We showed that CD25-biased IL-2cx and ICs synergize with ICIs to completely eradicate large, established tumors despite robust Treg cell expansion. Importantly, we found that timing is crucial, as administration of IL-2cx after (but not before) ICIs led to profound antitumor effects. Mechanistically, CD25-biased IL-2cx selectively stimulated expansion and effector functions of tumor-specific CD8 T cells in a CD25-dependent manner, overcoming Treg cell-mediated suppression. Moreover, CD25-biased IL-2cx showed much lower toxicity than CD25-blocking IL-2cx, enabling a larger therapeutic window. Furthermore, we demonstrated that administration of a human IL-2-based IC significantly enhanced the antitumor activity of ICIs, establishing the translational relevance of our work.

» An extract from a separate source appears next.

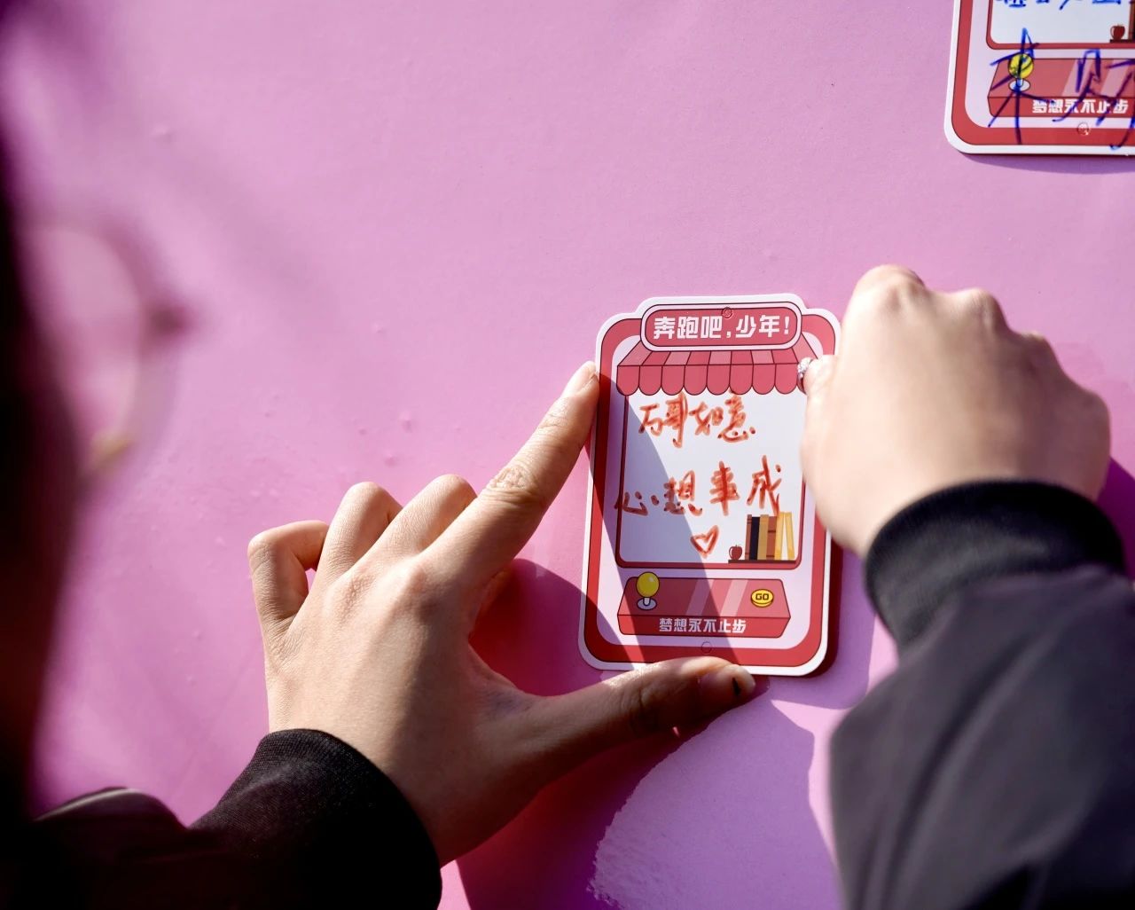 一面心形墙,承载了无数心声;一张贺卡纸,写满了真挚祝福。在这里,每一笔都是情感的流淌,每一句都是心灵的共鸣,所有的言语汇聚成一片温暖的海洋,让暖意在校园的春风中轻轻荡漾。

Our findings support the temporally optimized use of CD25-biased IL-2-based therapeutics in combination with ICIs for cancer immunotherapy.
白细胞介素-2(IL-2)免疫疗法可诱导持久的肿瘤缓解,但由于血清半衰期短和毒性高等显著缺点,其临床应用受到限制。将IL-2与某些抗IL-2抗体(IL-2cx)复合给药可延长循环半衰期,同时还能将细胞因子选择性地导向特定免疫细胞亚群。特别是,已开发出靶向表达含CD25的高亲和力IL-2受体的细胞(即偏向CD25的IL-2cx)或表达缺乏CD25的中等亲和力IL-2受体的细胞(即阻断CD25的IL-2cx)的IL-2cx。由于调节性T(Treg)细胞主要表达高亲和力IL-2受体,而幼稚效应T细胞和自然杀伤细胞主要表达低亲和力IL-2受体,传统上认为阻断CD25的IL-2cx是潜在的癌症治疗药物,尤其是与免疫检查点抑制剂(ICI)联合使用时。
通过过继转移经卵清蛋白致敏的T细胞并分析其扩增情况,评估在有无ICI的情况下IL-2cx对致敏T细胞的刺激作用。通过流式细胞术和胸腺嘧啶核苷掺入法评估IL-2cx对Treg细胞介导的CD8 T细胞抑制作用的影响。荷瘤小鼠接受包含IL-2cx和ICI的联合治疗,复合物在ICI之前或之后给药。监测肿瘤生长和小鼠存活情况,并进行免疫细胞表型分析。通过跟踪体重、体温和肺水肿来确定毒性。还探索了用单药细胞因子/抗体融合蛋白(免疫细胞因子,IC)替代IL-2cx的情况。
我们发现,尽管Treg细胞大量扩增,但偏向CD25的IL-2cx和IC与ICI协同作用可完全根除已形成的大肿瘤。重要的是,我们发现给药时机至关重要,因为在ICI之后(而非之前)给予IL-2cx可产生显著的抗肿瘤效果。从机制上讲,偏向CD25的IL-2cx以CD25依赖的方式选择性刺激肿瘤特异性CD8 T细胞的扩增和效应功能,克服Treg细胞介导的抑制作用。此外,偏向CD25的IL-2cx的毒性比阻断CD25的IL-2cx低得多,从而具有更大的治疗窗口。此外,我们证明基于人IL-2的IC给药可显著增强ICI的抗肿瘤活性,确立了我们工作的转化相关性。
我们的研究结果支持在癌症免疫治疗中,将基于偏向CD25的IL-2的治疗药物与ICI进行时间上优化的联合使用。